# The ad for Orlando Cooking Academy



## licia (Feb 19, 2010)

Has anyone noticed the dessert shown on the ad here for the Orlando Cooking Academy.  It looks like a rolled up tortilla with a multi berry sauce over it.  

My question:  How would you prepare the dish?


----------



## Bigjim68 (Feb 19, 2010)

Can't find it with Google, but if it looks like a rolled up tortilla, it is possibly a crepe.


----------



## licia (Feb 19, 2010)

I would think there is something inside - maybe sweetened ricotta, or cream cheese or maybe a combination with whipped cream. It looks delicious.
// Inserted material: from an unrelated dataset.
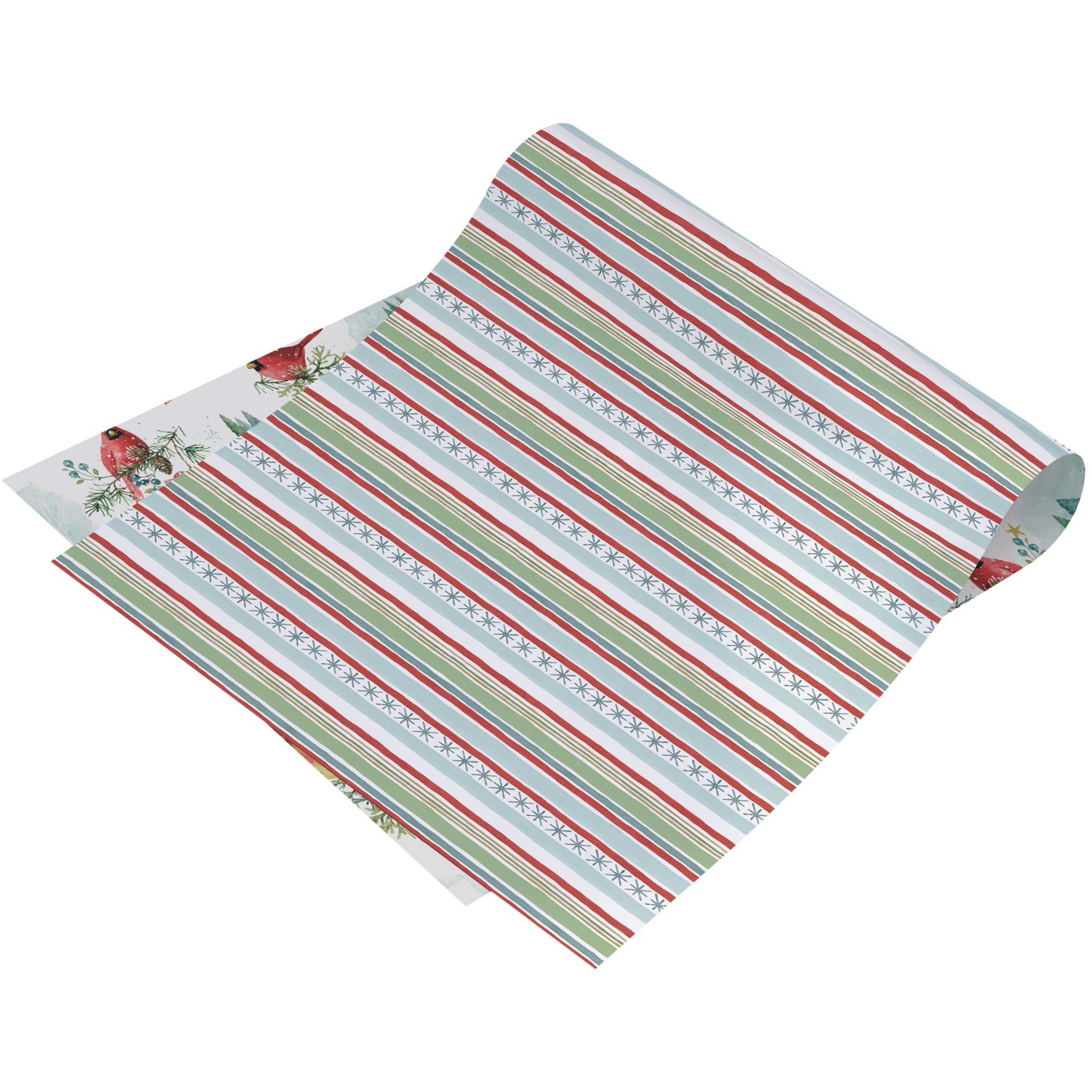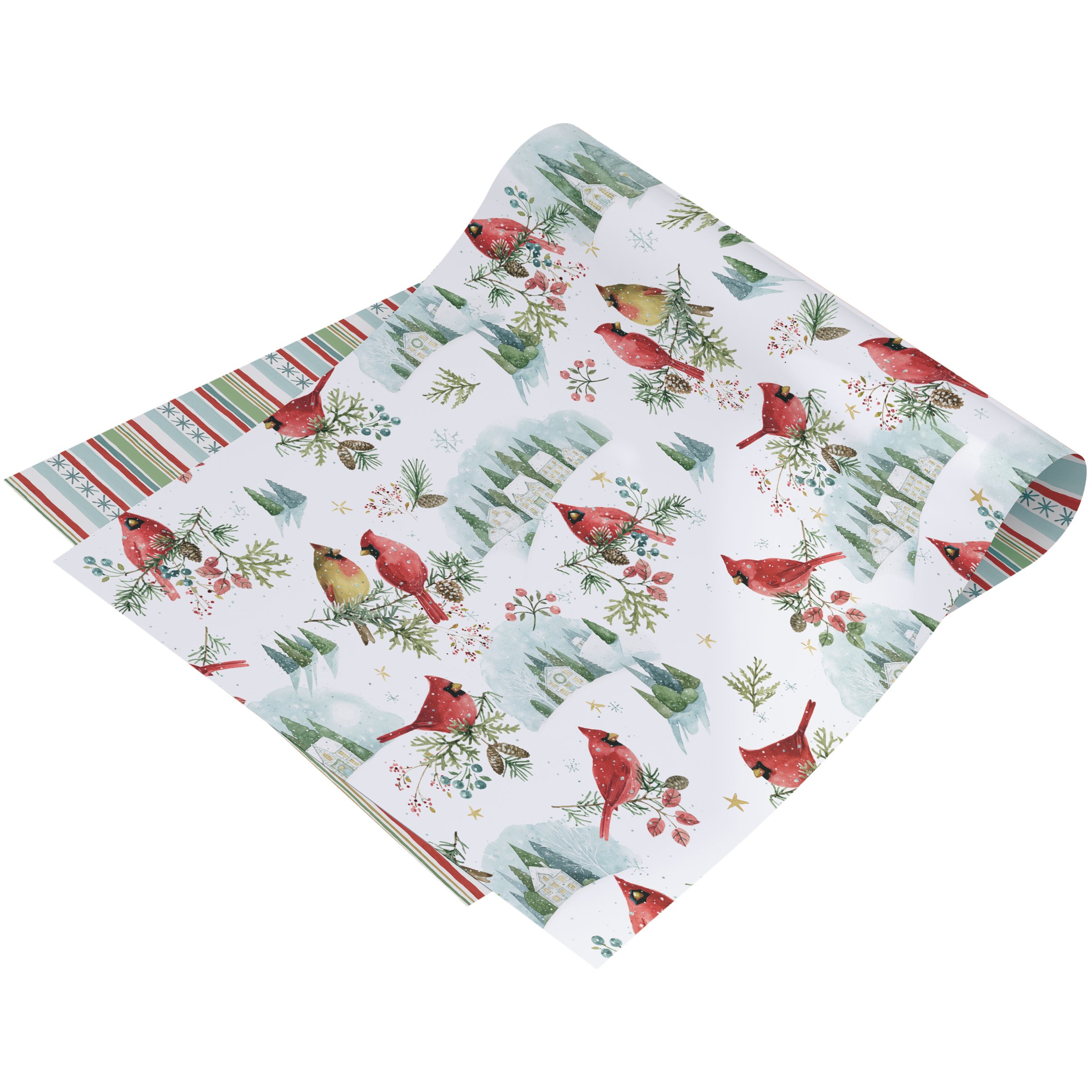 A roll of double-sided gift wrap from our Christmas Collection featuring two individual winter inspired patterns on each side replicated from original art hand painted in a delicate watercolor style. Seasonal gift wrap displays winter scenes of cardinals on one side and winter stripe pattern on the other for multiple gifting options. Our Winter Cardinal gift wrap comes shrink-wrapped for protection with sticker that showcases reversible designs. A charming winter-themed gift wrap perfect for seasonal gifting.

I'm sure there are others who are more adept at coming up with ideas of what may be inside - maybe Nutella?


----------



## chefkathleen (Feb 19, 2010)

Can you link us?


----------



## Alix (Feb 19, 2010)

Licia, I think its a crepe with a sweet cream filling and a berry sauce. Do you need a crepe recipe? I'd just mix up some cream cheese with some sugar and maybe some ricotta like you suggested. Roll it in the hot crepe and then pour the warm berry sauce over top. Mmmm!


----------



## licia (Feb 20, 2010)

Thanks, Alix.  I will try a crepe. I suppose I was being lazy thinking a tortilla would be almost instant. It does look delicious.


----------